Local Man's Fantasy Football Team So Bad It Somehow Scored Negative Points in Real NFL Games

DENVER, CO — In what statisticians are calling "a mathematical impossibility that somehow became reality," local accountant Brad Hensley's fantasy football team has performed so poorly this season that it has begun deducting points from real NFL games, sources confirmed Tuesday.
The phenomenon first came to light during last Sunday's Broncos-Chiefs game, when Kansas City kicker Harrison Butker successfully made a 42-yard field goal that inexplicably resulted in negative three points for the Chiefs. Upon further investigation, league officials discovered that Hensley had Butker on his bench while starting the long-retired Adam Vinatieri, who has been golfing in retirement for three years.
"I've been doing this for 30 years, and I've never seen anything like it," said NFL statistician Margaret Kowalski. "Brad's team is so fundamentally bad at fantasy football that reality itself is trying to correct the imbalance. We've had to hire a team of quantum physicists just to calculate his weekly scores."
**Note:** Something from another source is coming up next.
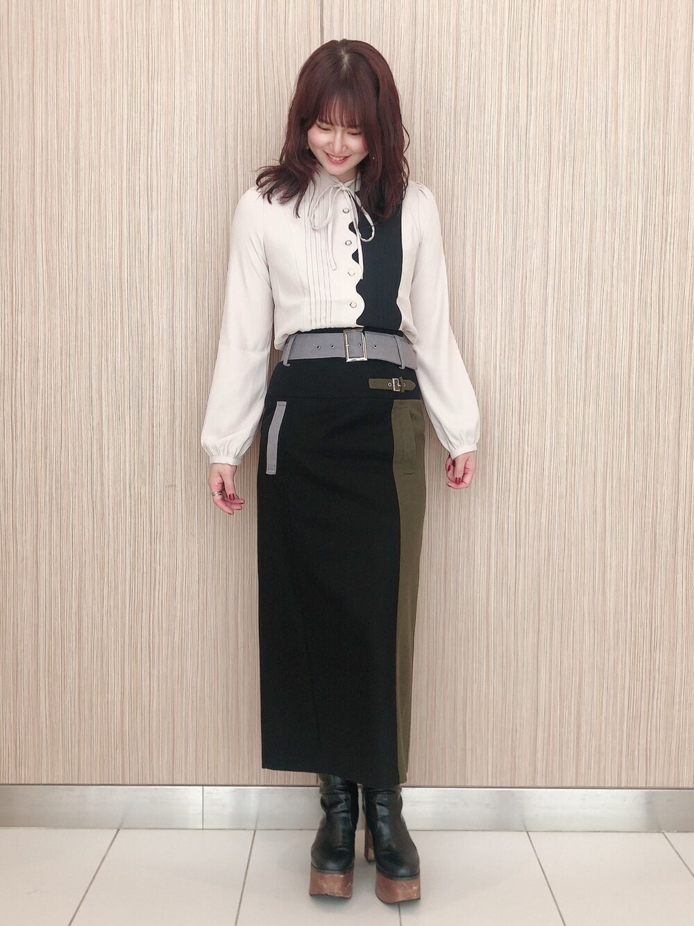 Maのスカート「バイカラータイトスカート」を使ったコーディネート

Hensley's team, "Brad's Sure-Fire Winners," currently sits at -847 points for the season, despite the league's scoring system technically making negative points impossible. His roster includes three retired players, two college athletes who aren't draft-eligible until 2026, and somehow, a golden retriever named Mr. Whiskers listed as his starting quarterback.
"I don't understand what everyone's so upset about," Hensley said while reviewing his lineup on his phone upside-down. "Mr. Whiskers has great vision and leadership qualities. Sure, he's never thrown a football, but he's very good at catching them in his mouth."
The ripple effects have been felt league-wide. During Monday Night Football, Dolphins receiver Tyreek Hill caught what appeared to be a touchdown pass, only to have it ruled a "Brad Penalty" — a new category of infraction created specifically for Hensley-related scoring anomalies. The touchdown was not only reversed but actually subtracted six points from Miami's season total.
"We're having to rewrite the laws of mathematics," explained Fantasy Football Commissioner Dr. James Peterson. "Brad has somehow created a scoring black hole. We've assigned a team of MIT graduates just to prevent his team from accidentally erasing entire franchises from existence."
Despite the chaos, Hensley remains optimistic about his chances, noting that he recently traded his kicker for "future considerations" to a team that doesn't exist in his league. When asked about his strategy for next week, Hensley confidently stated he plans to start his "sleeper pick" — NASCAR driver Dale Earnhardt Jr. — at tight end.
The NFL has announced they're considering implementing a "Brad Rule" that would require fantasy players to pass a basic competency test before being allowed to set lineups that could theoretically unravel the space-time continuum.